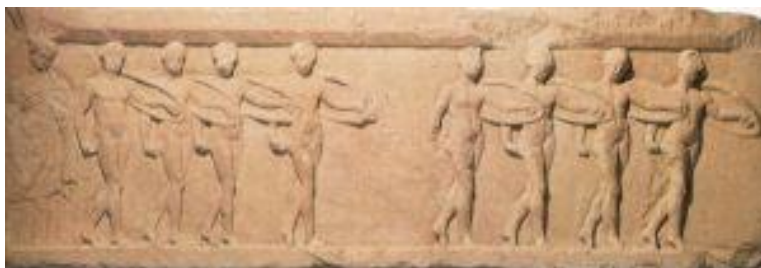
Danza pírrica. Museo de la Acrópolis. Atenas

La danza podemos encontrarla en el mismo origen del ser humano, pues ya el hombre primitivo la utilizó, muy tempranamente, como forma de expresión y de comunicación, tanto con los demás seres humanos, como con las fuerzas de la naturaleza que no dominaba y que consideraba divinidades. Entre los hombres primitivos la danza tenía un sentido mágico animista, pero también valor de cohesión social. La danza sirve para infundir ánimo a los guerreros, para el cortejo amoroso, para ejercitarse físicamente, etc.
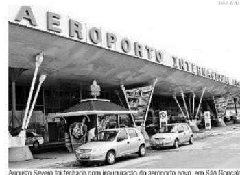
Augusto Severo foi fechado com inauguração do aeroporto novo, em São Gonçalo

incentivar o turismo rural, gastronômico e ecológico visando a história, a cultura, a paisagem natural e as vocações regionais. "Buscar ações para a instalação de infraestrutura dos distritos de Macaíba, o DIN de Natal e o DIM de Mossoró (criar um Micro Polo Industrial) para 40 novas empresas, in- mar para atrair navios de grande
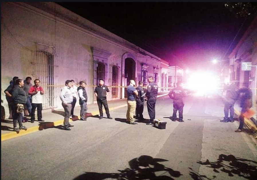
► Policías, familiares y curiosos se acercaron a la zona de la tragedia.
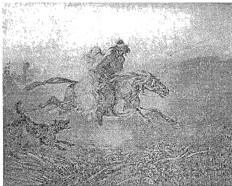
(El rapto de la cautiva por Rugendas, 1845)
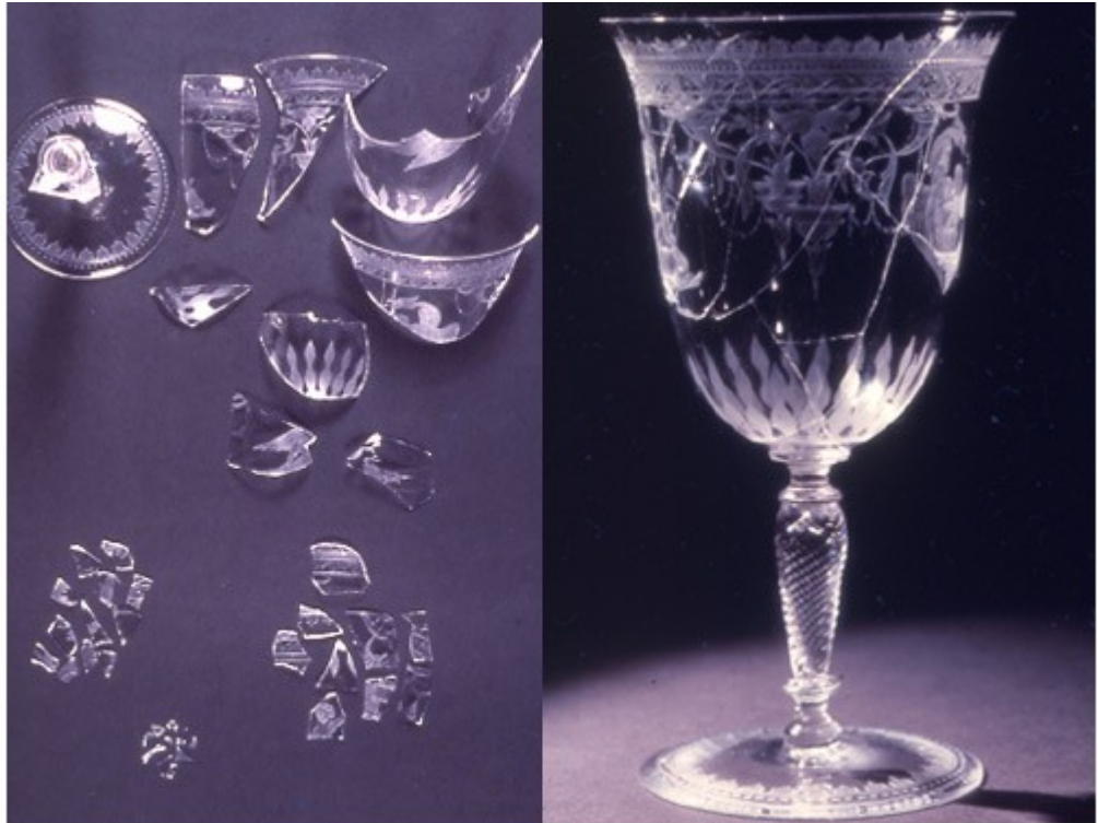
Skleněná číše, 1862, Victoria and Albert Museum

Renesanční skleněná láhev (17. - 1. pol. 18. století) – stav po restaurování, Středočeské muzeum v Roztokách u Prahy

__________

Each line from the one with "Skleněná číše, 1862, Victoria" through the end of the entries above must be set down exactly, both end lines included, and no other line may appear.

Skleněná číše, 1862, Victoria and Albert Museum

Renesanční skleněná láhev (17. - 1. pol. 18. století) – stav po restaurování, Středočeské muzeum v Roztokách u Prahy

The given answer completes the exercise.